Is there anything wrong with the code or it just my mistake?
• 07-24-2013, 05:54 PM
Di Immortalis
Re: Random shuffling
Your index will not be unique because A) Your giving it a finite length in the form of an integer, so there are only a small numbers that it is allowed to produce B) You are remaking it every time the loop restarts. It will never be unique because it doesn't know what its previous value were.
I get that it needs to have a small range, so you should consider initializing an array outside of the loop, then adding whatever values index produces to it, then checking those values against new indexes. Also, if its randomly shuffling, you don't really want unique. As long as index != i, you should get a random shuffling.
• 07-24-2013, 06:18 PM
dojob
Re: Random shuffling
Quote:

Originally Posted by Di Immortalis
Your index will not be unique because A) Your giving it a finite length in the form of an integer, so there are only a small numbers that it is allowed to produce B) You are remaking it every time the loop restarts.

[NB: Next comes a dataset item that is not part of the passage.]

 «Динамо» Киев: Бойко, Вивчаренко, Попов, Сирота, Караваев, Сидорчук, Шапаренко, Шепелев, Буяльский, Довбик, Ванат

It will never be unique because it doesn't know what its previous value were.
I get that it needs to have a small range, so you should consider initializing an array outside of the loop, then adding whatever values index produces to it, then checking those values against new indexes. Also, if its randomly shuffling, you don't really want unique. As long as index != i, you should get a random shuffling.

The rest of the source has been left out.